First, some history: the minimum wage was first established by the Fair Labor Standards Act of 1938 with the intent, according to the Cornell School of Law, of protecting workers and helping to stabilize a broken, post-depression economy. The act was “designed to create a minimum standard of living to protect the health and well-being of employees.”

In the aftermath of the more recent Great Recession, the spending power of the then federal minimum wage of $6.55 per hour declined by 20 percent before Congress raised it in 2009 a whopping 70 cents — less than a single percentage point — to $7.25.

But that was 10 years ago. Inflation has increased nearly 20 percent since, effectively making the minimum wage worth about $5.80 today. Try living on that, even as free market housing costs are pushing families onto the streets, homeless.

Since 1979, the before-tax income of the top 1 percent of U.S. households has ballooned seven times faster than the bottom 20 percent, according to Inequality.org.

And while incomes for the richest 1 percent have recovered nicely since the 2008 financial crises, incomes are just now starting to catch up for the bottom 90 percent, whose wages increased only 22 percent between 1979 and 2017.

Meanwhile, as inflation rose 237 percent during that period, worker productivity increased 138 percent. That is, employees today are working harder and producing more than they did some 40 years ago, but not getting a slice of the profit-pie in the form of higher wages as a result of their increased productivity.

So, to disparage the minimum wage and its intent to create a decent standard of living while the rich keep getting richer lacks both a basis in historical fact and empirical reality. To suggest that the minimum wage is only for high school and college-aged kids is patently false and misleading.

Then, Mr. Brunell suggests the ballooning national debt we may be passing off to our offspring is an “injustice,” due in part to so-called entitlements such as Social Security and Medicare.

Wrong again. Yes, social security is a type of tax, but one that goes into a trust fund, not the general fund, and that eventually comes back to the taxpayer upon retirement.

The Social Security Trust fund currently holds something like $2.9 trillion in reserves, and earns approximately $80 billion in interest annually from the federal government, who borrows from it.

While it may be true that the projected payouts from the fund may burn through its reserves around 2034, there are plenty of fixes.
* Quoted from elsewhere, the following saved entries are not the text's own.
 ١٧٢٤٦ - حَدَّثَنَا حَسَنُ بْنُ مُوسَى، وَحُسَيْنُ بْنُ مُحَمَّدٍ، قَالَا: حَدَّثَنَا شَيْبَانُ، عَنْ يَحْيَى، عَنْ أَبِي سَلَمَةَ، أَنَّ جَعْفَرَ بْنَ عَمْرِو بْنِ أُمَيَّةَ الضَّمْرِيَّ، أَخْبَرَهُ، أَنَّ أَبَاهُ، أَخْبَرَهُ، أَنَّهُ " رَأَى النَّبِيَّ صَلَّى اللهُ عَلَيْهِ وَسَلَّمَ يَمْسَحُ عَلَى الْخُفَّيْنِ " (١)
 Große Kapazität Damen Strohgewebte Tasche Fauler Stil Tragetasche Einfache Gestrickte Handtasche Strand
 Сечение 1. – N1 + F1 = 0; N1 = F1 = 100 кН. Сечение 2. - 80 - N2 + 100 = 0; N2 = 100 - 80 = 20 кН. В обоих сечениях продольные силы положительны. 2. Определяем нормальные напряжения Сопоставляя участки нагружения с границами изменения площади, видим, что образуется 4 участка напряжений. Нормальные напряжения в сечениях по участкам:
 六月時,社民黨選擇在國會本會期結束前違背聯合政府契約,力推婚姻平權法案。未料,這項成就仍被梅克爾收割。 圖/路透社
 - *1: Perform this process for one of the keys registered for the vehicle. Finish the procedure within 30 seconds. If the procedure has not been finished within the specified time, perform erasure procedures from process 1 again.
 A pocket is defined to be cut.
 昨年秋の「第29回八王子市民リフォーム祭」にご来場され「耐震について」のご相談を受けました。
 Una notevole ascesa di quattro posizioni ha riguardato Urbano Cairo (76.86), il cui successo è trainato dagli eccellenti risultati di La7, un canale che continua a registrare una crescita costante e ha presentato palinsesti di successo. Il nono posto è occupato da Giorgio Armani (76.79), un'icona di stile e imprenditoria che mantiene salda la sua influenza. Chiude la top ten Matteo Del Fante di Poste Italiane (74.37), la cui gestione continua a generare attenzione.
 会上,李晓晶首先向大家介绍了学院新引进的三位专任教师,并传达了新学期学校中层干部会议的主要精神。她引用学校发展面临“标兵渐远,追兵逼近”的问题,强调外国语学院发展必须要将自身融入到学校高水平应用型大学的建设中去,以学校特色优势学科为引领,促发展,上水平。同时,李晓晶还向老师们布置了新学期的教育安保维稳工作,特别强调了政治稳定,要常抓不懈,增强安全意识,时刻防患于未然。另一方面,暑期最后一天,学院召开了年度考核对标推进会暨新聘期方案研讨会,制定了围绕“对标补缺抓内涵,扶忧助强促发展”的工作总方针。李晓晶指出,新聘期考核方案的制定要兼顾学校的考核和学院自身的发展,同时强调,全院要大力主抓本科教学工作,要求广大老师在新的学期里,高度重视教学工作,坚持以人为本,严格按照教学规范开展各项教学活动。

According to a 2018 Motley Fool article, the Republican answer is to raise the retirement age — again — while Democrats would require the wealthy to pay more to balance the trust fund.

I agree with Brunell’s obvious assertion that “government revenues rise as employment grows.” But employment and wages are two different animals. Employment has been recovering of late — unemployment was at a record low of 3.7 percent in July. But wages remain essentially stagnant.
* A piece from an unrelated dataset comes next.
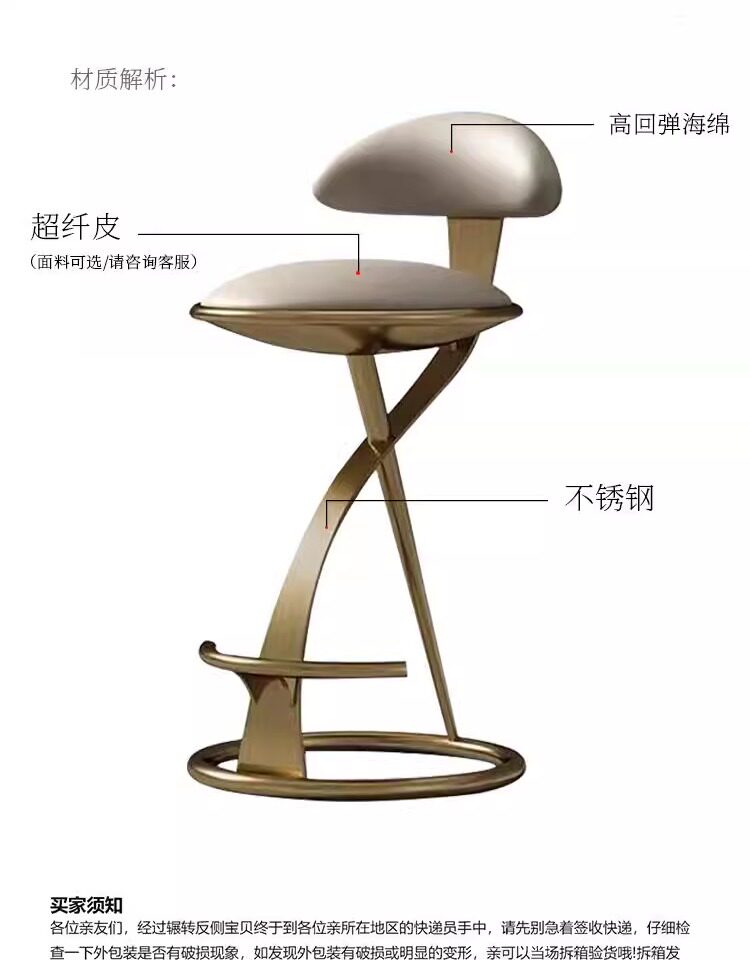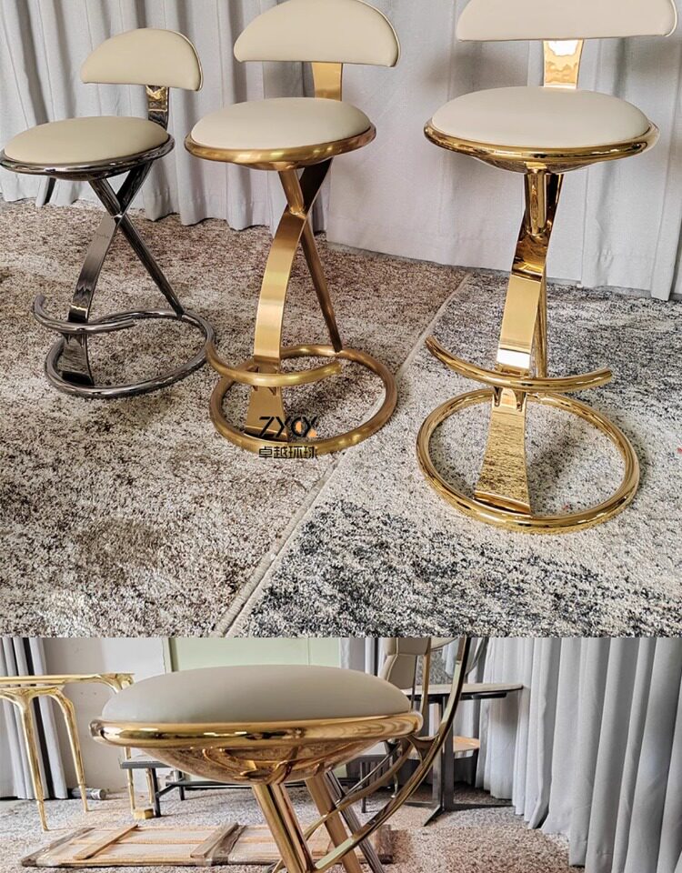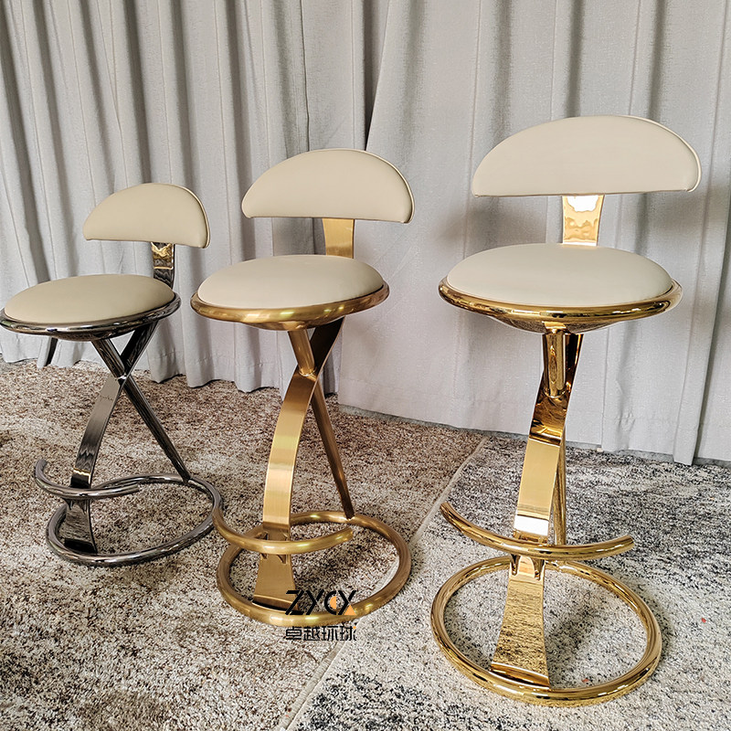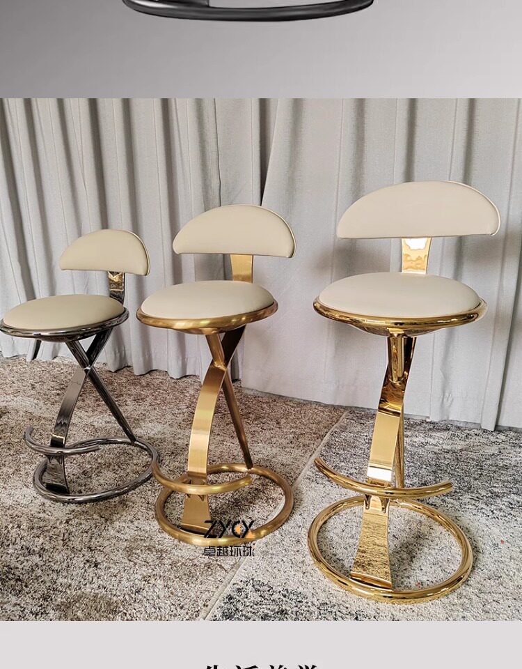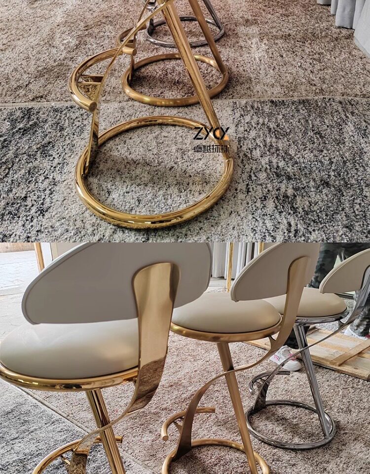 Итальянский легкий роскошный бар стул из нержавеющей стали креативная сеть красная передняя стул Вилла Home Island Кожаный кожаный стул металл

What Brunell fails to mention is that the federal deficit he is so altruistically concerned about recently shot up to historic levels after President Trump’s Tax Cuts and Jobs Act slashed taxes for the wealthy. The rise wasn’t due to entitlement programs. The federal deficit is now projected to rise as much as 25 percent by the end of this year alone, according to the non-partisan Congressional Budget Office.

The numbers cited by Brunell — that the national debt could rise to 175 percent of the gross domestic product by 2040, a 135 increase from historical averages — are being used only to incite fear and discontent in his readers. It’s a red herring; a false narrative.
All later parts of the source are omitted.